In late June 2018, Jackson joined SPIRE Institute, a prep school in Geneva, Ohio, as the head basketball coach. During his first season, one of the players he coached was LaMelo Ball, a player who previously played professionally in Lithuania, as well as in his father's Junior Basketball Association. Jackson was named Coach of the Year of The Grind Session during his tenure with Spire.

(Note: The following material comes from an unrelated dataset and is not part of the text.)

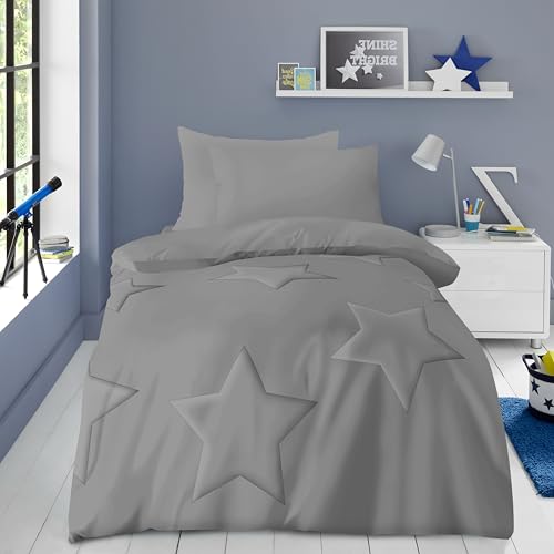 GC GAVENO CAVAILIA Kids Coverless Duvet Single - 100% Polyester Down Alternative Comforter Stars Stitching - 10.5 Tog Coverless Quilt With Pillowcase - Soft, Warm Bedding - (137x200cm), Grey

More recently he has become LaMelo Ball's manager.

==Personal life==
Jackson's cousin, Brandon Jenkins, is also a professional basketballer. He currently plays in Switzerland for BC Boncourt.

Jackson's son, Jermaine Jr., is also a basketball player who is committed to play at his father's alma mater and former school of employment, the University of Detroit Mercy under head coach and close family friend Bacari Alexander.